DataFrame: 2D Tabular Data
The DataFrame is Pandas' primary data structure—a 2D table with labeled rows and columns. Think of it as a spreadsheet or SQL table in Python.
import pandas as pd
# Create DataFrame from dictionary
df = pd.DataFrame({
'name': ['Alice', 'Bob', 'Charlie', 'Diana'],
'age': [25, 30, 35, 28],
'city': ['NY', 'LA', 'NY', 'SF'],
'score': [88, 92, 85, 90]
})
print(df)
# name age city score
# 0 Alice 25 NY 88
# 1 Bob 30 LA 92
# 2 Charlie 35 NY 85
# 3 Diana 28 SF 90
# Data inspection
print(df.head(2)) # First 2 rows
print(df.info()) # Structure and types
print(df.describe()) # Statistical summary
print(df.shape) # (4, 4) - rows × columns
Column Operations
import pandas as pd
df = pd.DataFrame({
'name': ['Alice', 'Bob', 'Charlie', 'Diana'],
'age': [25, 30, 35, 28],
'city': ['NY', 'LA', 'NY', 'SF'],
'score': [88, 92, 85, 90]
})
# Select single column (returns Series)
ages = df['age']
print(type(ages)) #
# Select multiple columns (returns DataFrame)

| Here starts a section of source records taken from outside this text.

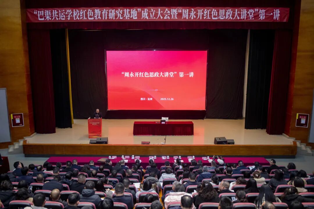 2025年12月26日上午,在纪念毛泽东同志诞辰132周年之际,四川文理学院艺术传媒大楼多功能厅庄重而热烈,“巴渠共运学校红色教育研究基地”成立大会暨“周永开红色思政大讲堂”第一讲在此隆重举行。本次活动由达州市委教育工委与四川文理学院联合主办,标志着川东北地区红色教育研究与实践迈向体系化、协同化、品牌化的新阶段。市级相关部门,巴中市、广安市委教育工委,原“巴渠共运友好学校联谊会”成员单位,大中小学思政课一...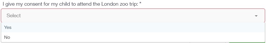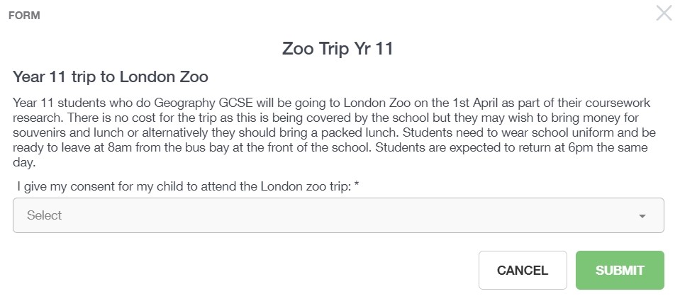 You can fill out a form sent by the school in the Forms icon. Schools will send out forms for many reasons: school trips, meal selection, permission forms etc...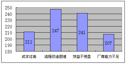 b)流程改造困難,對這個(gè)困難的擔(dān)心的企業(yè)數(shù)量最多,考慮到國內(nèi)企業(yè)的現(xiàn)實(shí)管理問題,流程改造必然與現(xiàn)實(shí)的利益發(fā)生矛盾,引起的阻力不可輕視。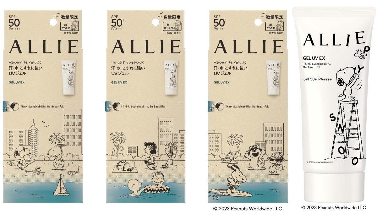 SNOOPY粉今年防曬就鎖定ALLIE!去年就曾與卡通角色-PEANUTS花生漫畫》中的SNOOPY聯名,今年又特別把熱賣的「ALLIE 持采UV高效防曬水凝乳EX」,及臉部輕底妝「濾鏡調色UV防曬」,各推出各3款SNOOPY限定包裝,搭配海洋風格插畫,滿滿的夏日感。包裝外盒千萬別急著丟,只要發揮小巧思就能變身收納盒、名片盒,防禦肌膚的同時還能環保愛地球。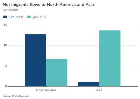 ▲北美和亚洲净移民流入人数对比。亚洲国家在21世纪吸引了1670万移民,2010年到2017年间1370万,而20世纪90年代移民流入亚洲的人数才刚过100万。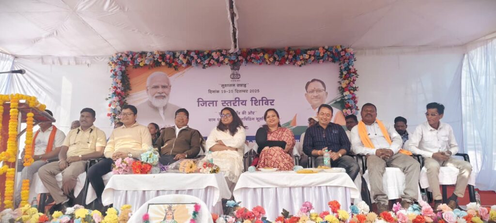 मोहला 22 दिसंबर 2025। शासन की विभिन्न योजनाओं और सेवाओं का लाभ अंतिम व्यक्ति तक पहुंचाने तथा जन सामान्य की समस्याओं का त्वरित निराकरण करने के उद्देश्य से आज विकास खंड मोहला के ग्राम माडिंग पीडिंग में प्रशासन गांव की ओर का जिला स्तरीय शिविर का आयोजन किया गया। इस अवसर पर जिला पंचायत अध्यक्ष श्रीमती नम्रता सिंह, सरपंच माडिंग पीडिंग श्रीमती सिया देवी, अमित श्रीवास्तव, मनोज नेताम, गुरूदयाल साहू, कलेक्टर श्रीमती तुलिका प्रजापति, सीईओ जिला पंचायत श्रीमती भारती चन्द्राकर, अपर कलेक्टर जीआर मरकाम, एसडीएम मोहला हेमेन्द्र भुआर्य, सीईओ जनपद प्रांजल प्रजापित सहित स्थानीय जनप्रतिनिधि एवं विभागीय अधिकारी-कर्मचारी उपस्थित रहें।

subset = df[['name', 'score']]
# Add new column
df['is_ny'] = df['city'] == 'NY'
print(df)
# name age city score is_ny
# 0 Alice 25 NY 88 True
# 1 Bob 30 LA 92 False
# 2 Charlie 35 NY 85 True
# 3 Diana 28 SF 90 False
DataFrame Anatomy
Understanding DataFrame Structure
- Index: Row labels (default: 0, 1, 2, ...)

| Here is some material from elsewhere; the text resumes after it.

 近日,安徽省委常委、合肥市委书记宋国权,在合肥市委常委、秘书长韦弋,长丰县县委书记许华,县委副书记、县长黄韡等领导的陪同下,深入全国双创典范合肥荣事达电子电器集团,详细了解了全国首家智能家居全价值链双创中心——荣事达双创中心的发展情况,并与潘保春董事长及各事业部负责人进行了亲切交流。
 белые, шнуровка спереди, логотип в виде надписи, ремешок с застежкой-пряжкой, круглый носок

- Columns: Column labels (from keys or specified)
- Values: Underlying NumPy array (access with
.values)
- dtypes: Data type per column (int64, float64, object)
import pandas as pd
df = pd.DataFrame({
'name': ['Alice', 'Bob', 'Charlie', 'Diana'],
'age': [25, 30, 35, 28],
'city': ['NY', 'LA', 'NY', 'SF'],
'score': [88, 92, 85, 90]
})
print("Index:", df.index)
print("Columns:", df.columns)
print("Dtypes:", df.dtypes)
print("Values type:", type(df.values)) # numpy.ndarray
Reading & Writing Data
Pandas excels at loading data from various sources—CSV, Excel, JSON, SQL databases, and more.
CSV Operations
import pandas as pd
df = pd.DataFrame({
'name': ['Alice', 'Bob', 'Charlie', 'Diana'],
'age': [25, 30, 35, 28],
'city': ['NY', 'LA', 'NY', 'SF'],
'score': [88, 92, 85, 90]
})
# Write to CSV
df.to_csv('people.csv', index=False)
# Read from CSV
df_csv = pd.read_csv('people.csv')
print(df_csv.head())
# Advanced CSV reading
df_adv = pd.read_csv('data.csv',
sep=';', # Custom delimiter
skiprows=2, # Skip header rows
na_values=['NA', 'missing'], # Custom NaN values
parse_dates=['date'], # Parse date columns
dtype={'id': str}) # Force column types
Excel, JSON, and More
import pandas as pd
import sqlite3
df = pd.DataFrame({
'name': ['Alice', 'Bob', 'Charlie', 'Diana'],
'age': [25, 30, 35, 28],
'city': ['NY', 'LA', 'NY', 'SF'],
'score': [88, 92, 85, 90]
})
# Excel (requires openpyxl or xlrd)
df.to_excel('people.xlsx', index=False)
df_xlsx = pd.read_excel('people.xlsx')
# JSON
df.to_json('people.json', orient='records')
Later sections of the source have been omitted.